Eighth-graders get the scoops from columnist


Letters, calls and the roar of the crowd:

Mandy Heeke, Jasper, Indiana: I am in eighth grade at Jasper Middle School in Jasper, Indiana. I've had to read your columns for the past eight weeks. For each article I had to write a summary about what your view was, and what I thought about it.

I was just wondering, what you would say if you were asked about abortion. Would you be for or against it?

COMMENT: I am for abortion in only three instances:

1. In the case of rape or incest.

2. To save the life of the mother.

3. If the woman wants one.

Kimberly R. Hoffman, Jasper, Indiana: What advice do you give to the youth of America? I am very interested in your response, and there are many of us here in Jasper who will gladly follow it.

COMMENT: When I was about your age, a man that I admired sat me down for a heart-to-heart talk.

"Son," he said, "if you expect to rate, don't expectorate."

I can honestly say that no adult ever gave me advice that was any more valuable.

Tony A. Neuhoff, Jasper, Indiana: Would you risk your popularitand acceptance by your readers to do an article in which you express your opinion on a controversial subject?

Lori A. Eckerle, Jasper, Indiana: Have you ever written an article that has brought you a major controversy? And if so, what was the article about? Secondly, what is one topic, if there is one, that you would not write about because of a possible controversy?

COMMENT: There is no topic a columnist should avoid because of controversy. Provoking thought is what column-writing is all about and thinking often can be very controversial (especially to people who are unused to it.)

The war in the Persian Gulf was obviously supported by the vast majority of Americans and anybody who questioned any part of that war was going to be very unpopular. But that was no reason to avoid writing about it and stating what I believed.

Just joining the herd and supporting something because everybody else does it doesn't make sense for a columnist or a citizen or an eighth-grader.

If you're going to pull the sled, you might as well be the lead dog, someone once said, because that's the only one whose view changes.

I don't know who told me that, but it may have been the same guy who told me about expectorating.

Brandi Keusch, Jasper, Indiana: In your column "Learning Ropes on Firing Line", you stated that a person may always be the same, but depending on who they are with, people may think of them differently.

For example, if an average person was with a bunch of dweebs that person would look brilliant, but if he or she were with a bunch of smart people they would look dumb.

COMMENT: This is why I try to hang around presidential candidates as much as possible.

Abby L. Kuntz, Jasper, Indiana: I was wondering if you ever ruout of ideas or have writer's block.

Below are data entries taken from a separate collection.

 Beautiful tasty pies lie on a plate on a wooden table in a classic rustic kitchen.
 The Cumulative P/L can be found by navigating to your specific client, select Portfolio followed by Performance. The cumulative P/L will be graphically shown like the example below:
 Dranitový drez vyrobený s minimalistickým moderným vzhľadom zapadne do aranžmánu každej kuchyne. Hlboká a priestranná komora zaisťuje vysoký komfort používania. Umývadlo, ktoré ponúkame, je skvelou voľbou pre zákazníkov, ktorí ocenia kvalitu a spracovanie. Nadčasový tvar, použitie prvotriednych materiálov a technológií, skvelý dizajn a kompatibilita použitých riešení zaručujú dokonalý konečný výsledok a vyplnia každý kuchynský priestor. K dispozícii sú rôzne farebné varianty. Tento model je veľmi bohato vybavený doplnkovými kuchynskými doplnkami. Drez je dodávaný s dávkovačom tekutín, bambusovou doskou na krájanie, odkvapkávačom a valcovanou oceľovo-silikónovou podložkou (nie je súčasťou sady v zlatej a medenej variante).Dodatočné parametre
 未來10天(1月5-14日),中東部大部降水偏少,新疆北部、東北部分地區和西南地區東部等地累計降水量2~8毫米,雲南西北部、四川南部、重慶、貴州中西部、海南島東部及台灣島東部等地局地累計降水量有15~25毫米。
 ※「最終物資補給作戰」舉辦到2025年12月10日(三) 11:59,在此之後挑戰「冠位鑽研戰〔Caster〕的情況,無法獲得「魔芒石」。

If so, what do you do to get past it?

COMMENT: I run letters from Jasper, Indiana.

Arah Leslie, Jasper, Indiana: I am beginning to wonder where yoget some of your column ideas from.

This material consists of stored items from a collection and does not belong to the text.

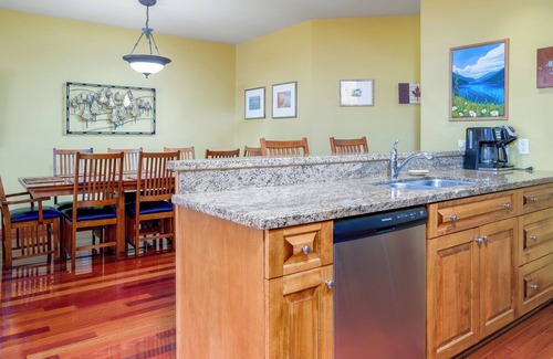 The master bedroom has a king bed and ensuite bathroom with a large shower. The second bedroom has one queen bed and single over single bunk bed with access to the back patio and hot tub. The second bathroom has a tub and the laundry facilities. The dining and kitchen area features beautiful hard wood flooring throughout. A large wood table with 8 chairs and a breakfast bar with 3 bar stools, allows for ample seating. The kitchen has granite counter tops, stainless steel appliances, loads of cupboard/drawer space and is well stocked with anything you could possibly need.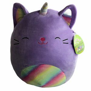 New NWT BIG Squishmallow 16" Cienna Rainbow Unicorn Cat Kitten Purple JUMBO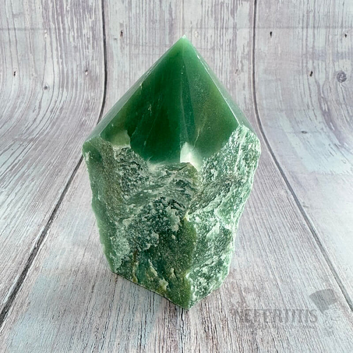Green aventurine spikes. Country of origin: Brazil You are purchasing the pictured aventurine spike. Characteristics: happiness - prosperity - perseverance - creativity - heart chakra - Feng Shui element:… more »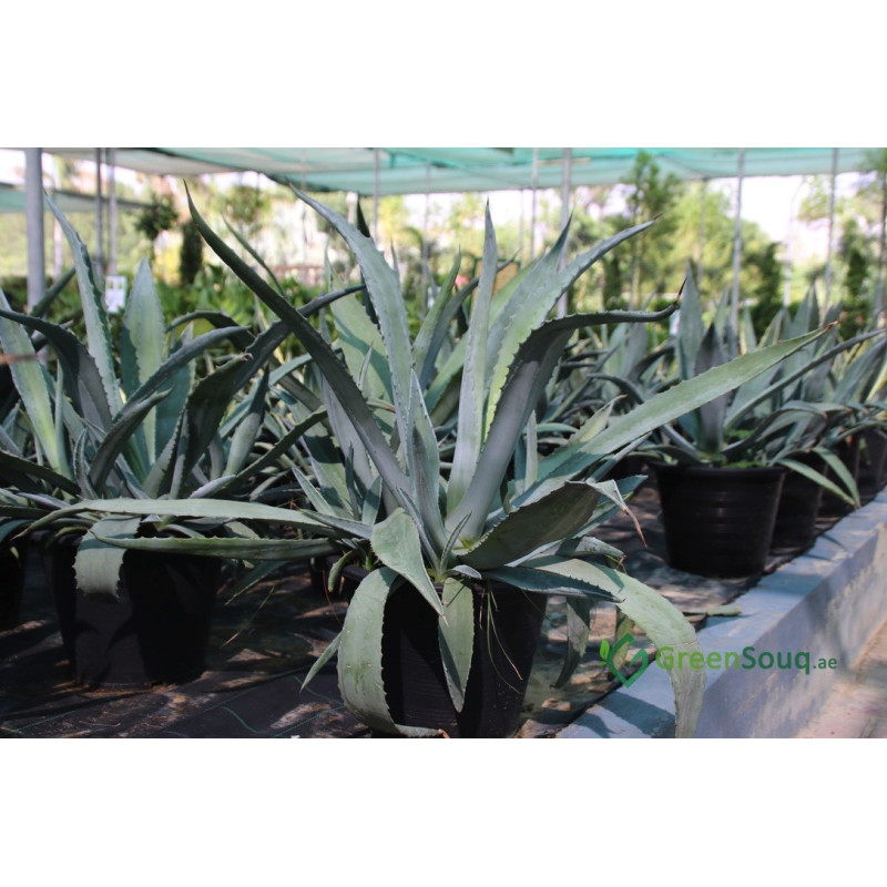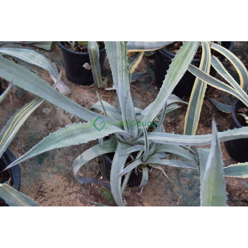 Agave americana “Century plant” has no stem. Its thick and massive gray-green leaves originate from a basal rosette. The leaves get up to 6′ long and 10″ wide, and have sharp spines on the margins and tips. The margin spines are recurved like fishhooks and the tip spines can be more than an inch long. The flower stalk is branched, 20-40′ tall, and bears large (3-4″) yellow-green flowers. Popular cultivars are ‘Marginata’ with yellow margins on the leaves, ‘Mediopicta’ with a broad yellow band down the center of each leaf, and ‘Striata’ with stripes.

COMMENT: Columnists get ideas from all kinds of places: Fro what they see and what they hear, from what they feel and what they think. They get ideas from readers and colleagues, from the mail and from telephone calls. They sometimes travel around the country and the world to learn new things.

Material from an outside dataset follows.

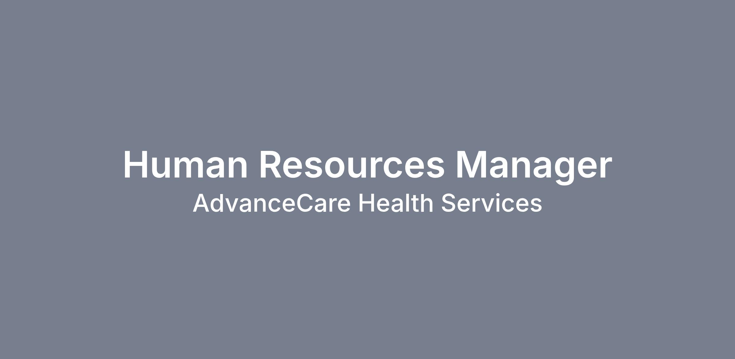 AdvanceCare Health Services, LLC is seeking a dedicated Human Resources Manager to ensure that all human resources (HR) operations are carried out smoothly and effectively. You should be able to manage programs and lead staff while also possessing a strong strategic mindset. The goal is to ensure that all HR needs of the company are being met and are aligned with all business objectives.

They get ideas from people with axes to grind and scores to settle. And from people so battered by life that they feel their local newspaper is their court of last resort.

A columnist's ideas are as rich or as poor as his ability to perceive life around him. All he has to do is open his eyes, his ears and his mind.

And sometimes I just take old Erma Bombeck columns and put my name on them.

Toni Williams, Jasper, Indiana: I had many questions whilreading your column, but the one I asked myself the most was "How did you get started being a journalist? Was it a life-long dream, or was it a sudden decision? Who hired you? Do you write many books?" Another question I have is "What do you do in your free time?"

COMMENT: In my free time I write magazine articles and books. I have written two books so far and a third is under way. The tentative title is: "My Life, Volume I, The Early Years."

As to how I got started in journalism, well, I followed a rocky road. I never wanted to be a journalist. I wanted to play the trumpet in a bawdy house. I wanted to hang around the bar with a purple derby on my head and play my music.

When I told my mother this, she was horrified and packed me off to college where I learned all about journalism.

And I remember the day I got my first job. I wrote my mother and said: "Ma, I have become a newspaperman!"

She sent me a trumpet.

In all seriousness, I would like to thank the students of Japser for writing to me and for reading their daily newspaper. The one piece of advice I have for students at any level of education is to read on their own time, even when such reading is not assigned in class. Read anything.

I read so many comic books as a kid that my parents thought I would grow up to become Batman (actually, I liked the Green Arrow better.) As the years went by, I turned to slightly higher quality stuff.

But the reading habit is what is important. Once you develop it, the future is yours.

And every time I despair of the quality of education in America, I am going to re-read the letters from Jasper and be uplifted.